これに対し、手のひら静脈認証は近赤外線を照射して皮下の静脈パターンを読み取る。体内情報であるため偽造や遠隔での不正取得が極めて困難で、汚れや傷の影響も受けにくい。血流を検知するため、生体以外での認証を拒否できる点も強みだ。
とはいえ、専用の光学装置や高性能チップを必要とするため、これまでコスト高が普及の障壁となっていた。しかし、ここ数年で大きく進歩したAI技術を活用することにより、脈澤科技は市場に出回る汎用チップを使って大幅なコスト削減に成功した。創業者の曽香玉氏は「当社の手のひら静脈認証装置の製造コストは開発当初の半分以下になり、現在の価格は顔認証装置と同等になっている」と胸を張る。同社は10種類以上の認証デバイスに加え、勤怠管理ソフトやミニプログラムまで一気通貫で提供。アルゴリズムからシステムまでをパッケージ化することで、導入のハードルを大幅に引き下げた。
法規制を追い風に海外展開も加速
中国の政策も業界の変化を後押しする。2025年6月に施行された顔認証に関する規定「人臉識別安全応用管理規定」では、更衣室やホテル内などでは顔認証技術の使用を禁じるよう明確に求めている。これにより、多くの企業は代替案への切り替えを迫られ、手のひら静脈認証が好機を迎えることになった。

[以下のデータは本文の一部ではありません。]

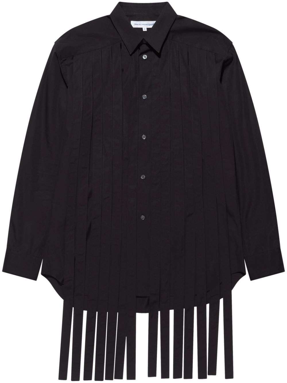 fringed pleated cotton shirt Highlights - Black - Cotton - Pleat detailing - Fringe detailing - Classic collar - Front button fastening - Long sleeves - Buttoned cuffs - Asymmetric hem Made in France Composition Cotton 100%
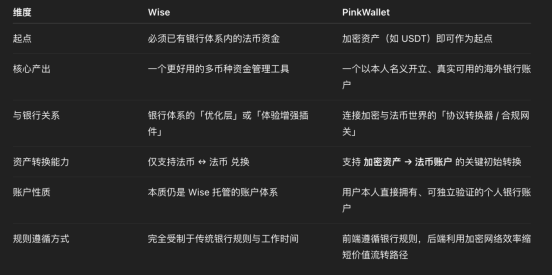 那 PinkWallet 至少提供了一条Wise 无法覆盖的路径。它并不替代 Wise,而是解决了 Wise 永远解决不了的那一段:加密资产 → 可用法币账户。
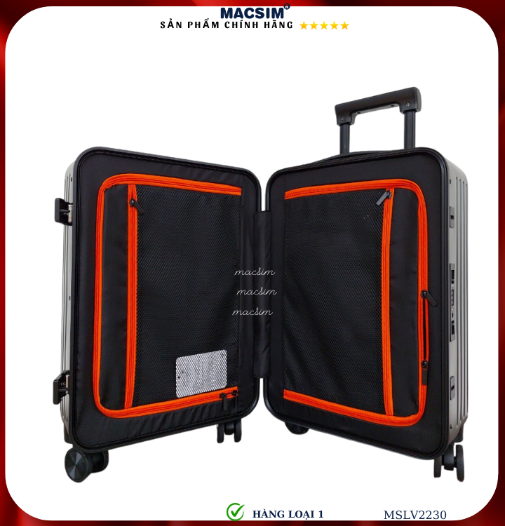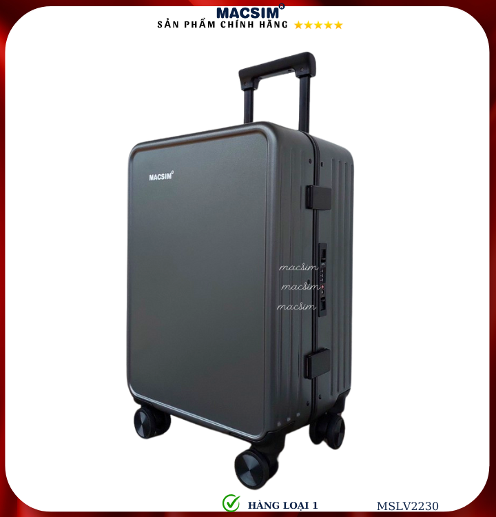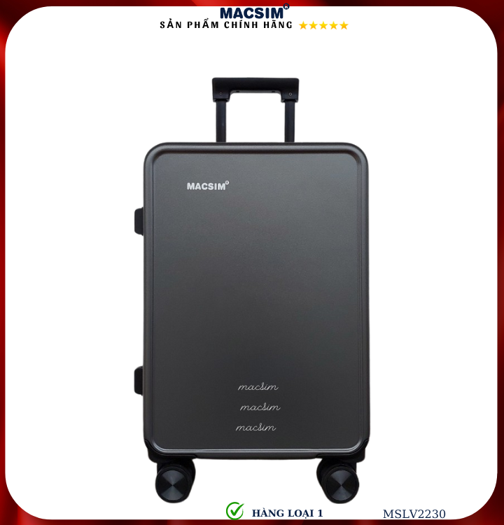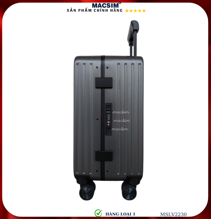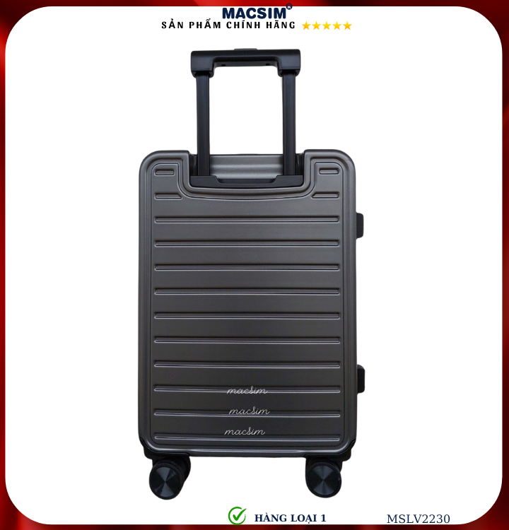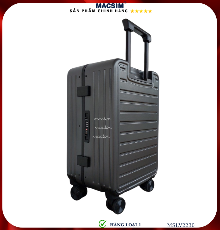Vali Macsim được làm từ chất liệu nhựa nguyên chất PC. Tấm lót bên trong Poliester 150D xuất xứ Trung Quốc được REACH kiểm nghiệm và phê duyệt, bánh xe 360 độ hãng SJ CỦA Mỹ ; Khóa kéo thương hiệu SBS xuất xứ Trung Quốc, Khóa TSA hãng Master Lock của Mỹ. Thiết kế vali đơn giản lịch lãm vô cùng sang trọng, bền bỉ, tạo dấu ấn phong cách thời trang cá nhân của bạn trên mọi cuộc hành trình. Vali cao cấp Macsim thích hợp với những người thường xuyên di chuyển cần chiếc vali nhẹ, có độ bền tốt.
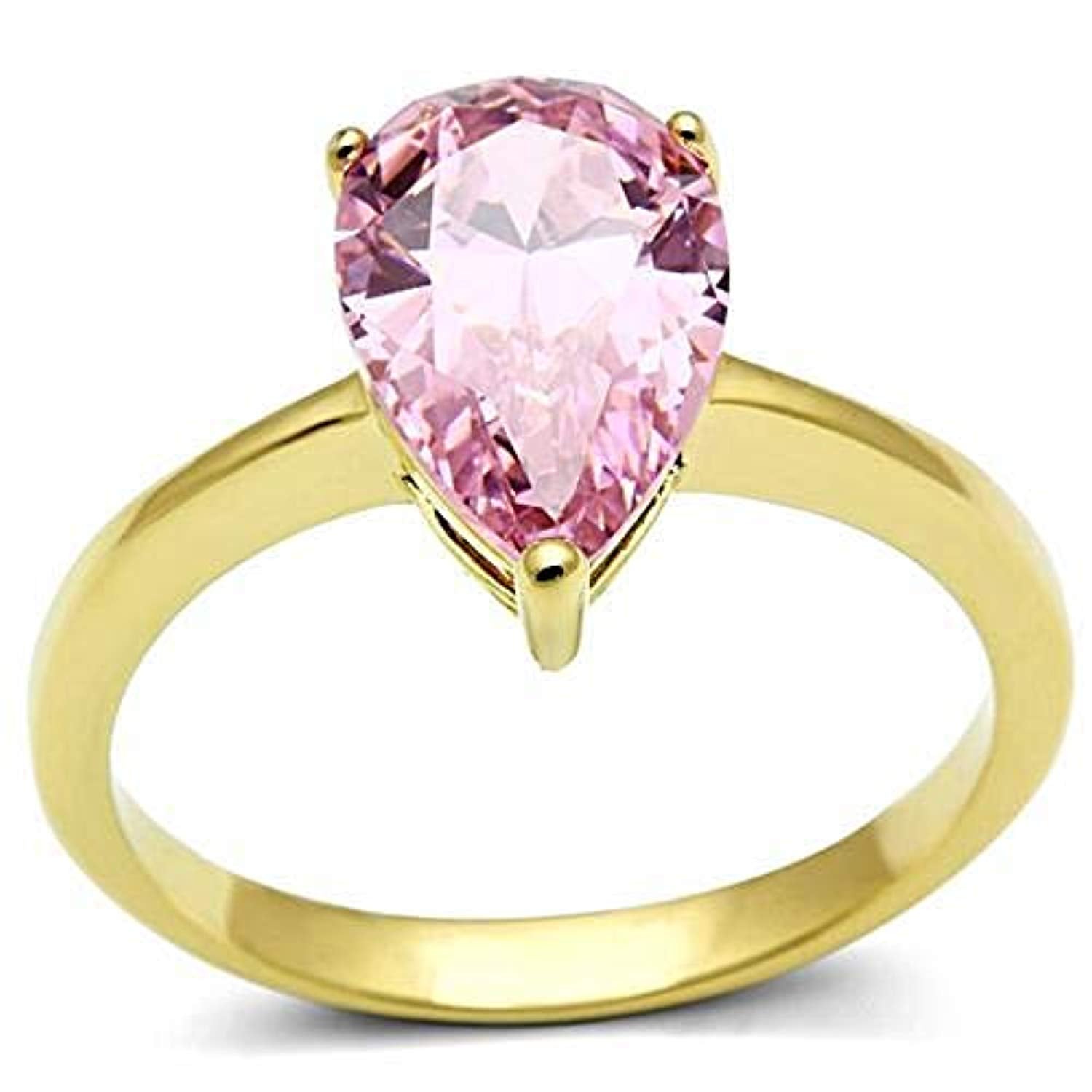 WildKlass Stainless Steel Pear Ring IP Gold Women AAA Grade CZ Rose
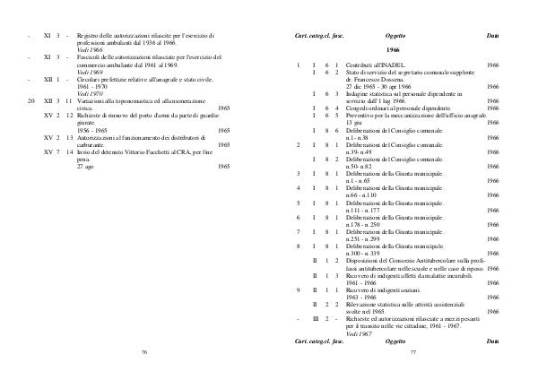 13 giu 1966 I 8 6 Deliberazioni del Consiglio comunale. n. 1- n. 38 1966 2 I 8 1 Deliberazioni del Consiglio comunale. n. 39- n. 49 1966 I 8 2 Deliberazioni del Consiglio comunale. n. 50- n. 82 1966 3 I 8 1 Deliberazioni della Giunta municipale. n. 1- n. 65 1966 4 I 8 1 Deliberazioni della Giunta municipale. n. 66- n. 110 1966 5 I 8 1 Deliberazioni della Giunta municipale. n. 111- n. 177 1966 6 I 8 1 Deliberazioni della Giunta municipale. n. 178- n. 250 1966 7 I 8 1 Deliberazioni della Giunta municipale. n. 251- n. 299 1966 8 I 8 1 Deliberazioni della Giunta municipale. n. 300- n. 339 1966 II 1 2 Disposizioni del Consorzio Antitubercolare sulla profilassi antitubercolare nelle scuole e nelle case di riposo. 1966 II 1 3 Ricovero di indigenti affetti da malattie incurabili.
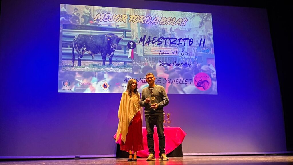 – Mejor toro a bolas para Maestrito II Núm 41 y G 1 de la ganadería de Sergio Centelles patrocinado por la A.C.T. Amics de Centelles
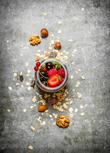 Ягоды с мюсли и орехами
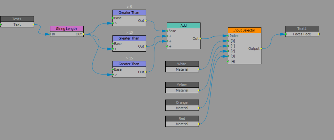 Just as a mental exercise, I tried to make a text string that would start white, change to yellow after 5 characters, orange after 10, red after 15, and stop accepting input at 20. White to yellow was easy enough. Then I thought I could use And blocks and an Input Selector to do the rest, but nothing doing. I can't even access any values of the Input Selector beyond 1 and 0. If And block returns 1, it's Material 1, and Material 0 if it returns 0. No idea how to access any values other than that.

脈澤科技は現在、国内市場で着実に事業拡大を進めると同時に、海外展開も加速しており、東アジアや東南アジア、中東、南米などに顧客を広げている。
曽氏は「日本企業は2000年代初頭に同技術を世界に先駆けて実用化したが、その後の製品刷新が緩慢だった」と指摘。同社はAIを活用し、海外企業よりも高性能の製品を約3分の1の価格で提供することで、多くの海外販売代理店との提携を勝ち取った。
今後の展望として、スポーツ施設や商業施設での一括管理を見据える。一度登録すれば、入退場からロッカーの利用、施設内決済までを「手のひら一つ」で完結させる計画だ。
プライバシーやセキュリティがこれまで以上に問われるデジタル時代、体内に隠された静脈パターンこそが、次世代の本人確認手段として有力な選択肢になりそうだ。